How to Implement Input Sanitization in Node.js Express
A step by step guide to adding input sanitization to a Node.js Express contact form using validator and isomorphic-dompurify
What You Will Build
By the end of this guide you will have a contact form that sanitizes and validates all user input on the server before doing anything with it. This protects against XSS attacks, URL injection, and malformed data.
Prerequisites
- A working Node.js Express application
- A contact form with fields for firstName, lastName, email, and comments
- A route that handles the form POST submission
- A helper module that contains your validation and email logic
Step 1 — Install the Required Packages
Open your terminal in your project root and run:
npm install validator isomorphic-dompurify
validator provides string validation and sanitization functions. isomorphic-dompurify strips malicious HTML from strings and works in Node.js on the server.
Step 2 — Update Your Contact Helpers Module
Open your contact helpers file (in this project it is modules/contact-helpers.js). Make the following changes.
At the top of the file, require both packages:
const validator = require('validator');
const DOMPurify = require('isomorphic-dompurify');
Replace your existing isValidEmailAddress function with this:
function isValidEmailAddress(email){
return validator.isEmail(email);
}
Add this new sanitizeInput function:
function sanitizeInput(str){
if(!str) return '';
str = validator.escape(str);
str = validator.stripLow(str);
str = DOMPurify.sanitize(str);
str = str.trim();
return str;
}
Add sanitizeInput to your exports at the bottom of the file:
exports.sanitizeInput = sanitizeInput;
Your full contact helpers file should look like this when done:
const validator = require('validator');
const DOMPurify = require('isomorphic-dompurify');
function isValidEmailAddress(email){
return validator.isEmail(email);
}
function containsURL(str){
var regExp = /\b(?:(?:https?|ftp):\/\/|www\.)[-a-z0-9+&@#\/%?=~_|!:,.;]*[-a-z0-9+&@#\/%=~_|]/i;
return regExp.test(str);
}
function sanitizeInput(str){
if(!str) return '';
str = validator.escape(str);
str = validator.stripLow(str);
str = DOMPurify.sanitize(str);
str = str.trim();
return str;
}
function isValidContactFormSubmit(firstName, lastName, email, comments){
if(firstName && lastName && email && comments){
if(containsURL(firstName) || containsURL(lastName) || containsURL(comments)){
return false;
}
if(!isValidEmailAddress(email)){
return false;
}
return true;
}
return false;
}
function sendEmailNotification(message, callback){
const nodemailer = require('nodemailer');
// ... your email config here
}
exports.isValidContactFormSubmit = isValidContactFormSubmit;
exports.sanitizeInput = sanitizeInput;
exports.sendEmailNotification = sendEmailNotification;
Step 3 — Update Your Express Route
Open app.js and find your contact form POST route. Make the following changes.
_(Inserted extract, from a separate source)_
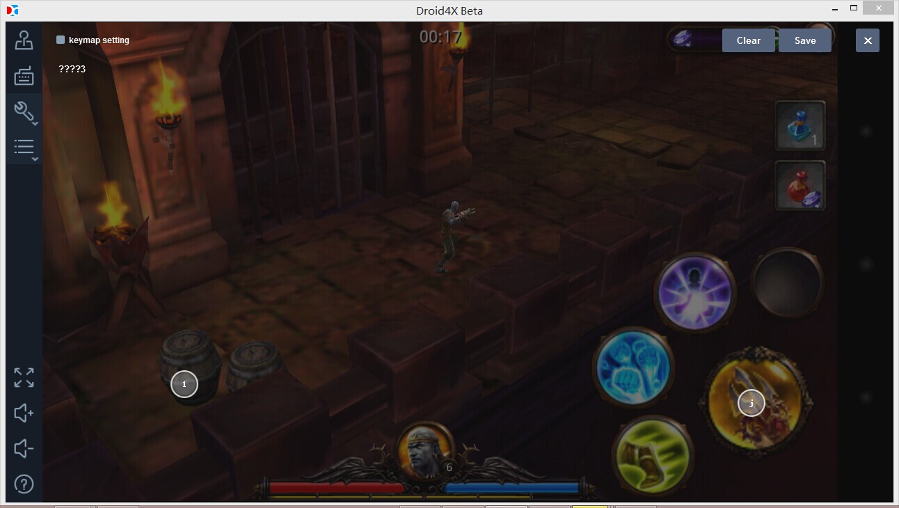 在游戏界面需要点击的键位上设置替代按钮,如图所示,在攻击键位上设置J键,保存设置。就可以直接按J键来攻击了。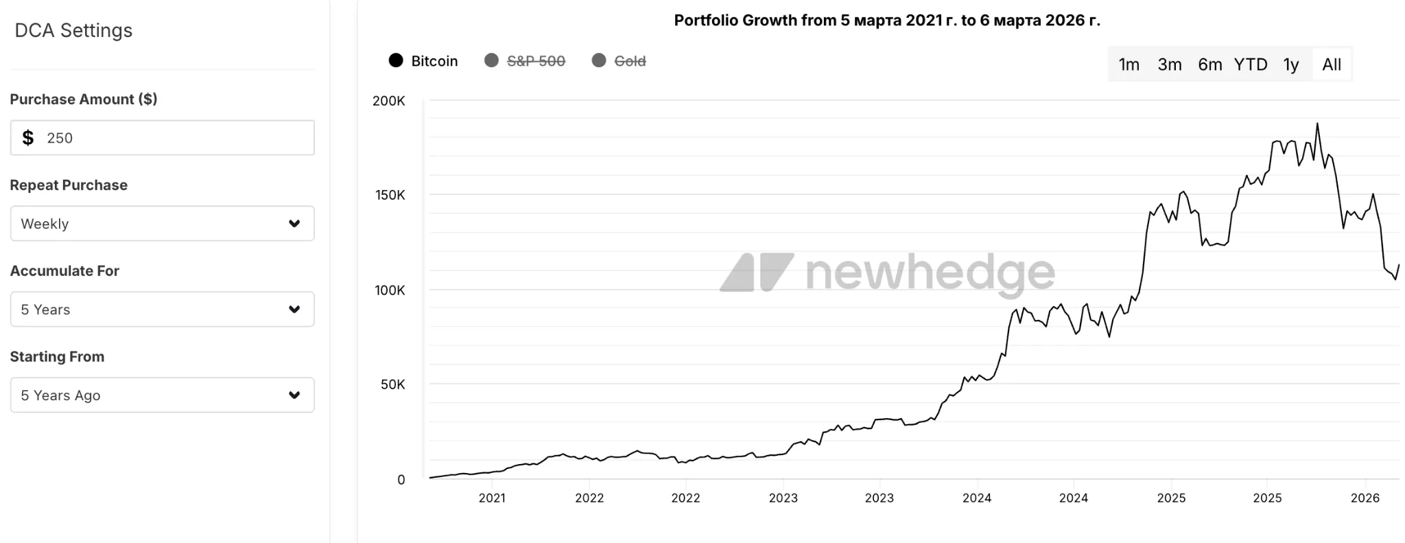 Сходная динамика прослеживается и при увеличении взносов до $250 в неделю на пятилетнем отрезке: первая криптовалюта вновь опережает S&P 500 по доходности, хотя лидером в этом сравнении остается золото.

Update the require statement to include sanitizeInput:
const {isValidContactFormSubmit, sendEmailNotification, sanitizeInput} = require("./modules/contact-helpers");
After destructuring req.body, add sanitization for each field:
const {firstName, lastName, email, comments} = req.body;
const cleanFirst = sanitizeInput(firstName);
const cleanLast = sanitizeInput(lastName);
const cleanEmail = sanitizeInput(email);
const cleanComments = sanitizeInput(comments);
Pass the cleaned values to isValidContactFormSubmit and use them to build your message:
if(isValidContactFormSubmit(cleanFirst, cleanLast, cleanEmail, cleanComments)){
const message = `From: ${cleanFirst} ${cleanLast}\nEmail: ${cleanEmail}\nMessage: ${cleanComments}`;
// send email...
}
Step 4 — Test It
Start your server and submit the contact form with this in the comments field:
<script>alert('xss attack')</script>
Check the email you receive. The comments field should show:
<script>alert('xss attack')</script>
If you see the escaped version in the email, sanitization is working correctly. The dangerous characters have been converted to harmless HTML entities.
What Each Step Does
validator.escape converts <, >, &, ', ", and / to HTML entities. This is the primary defense against XSS.
validator.stripLow removes invisible control characters that have no place in form input.
DOMPurify.sanitize parses the string as HTML and removes any remaining executable code — script tags, event handlers, javascript: URLs.
.trim() removes leading and trailing whitespace.
These four operations run in sequence on every field before any other processing happens.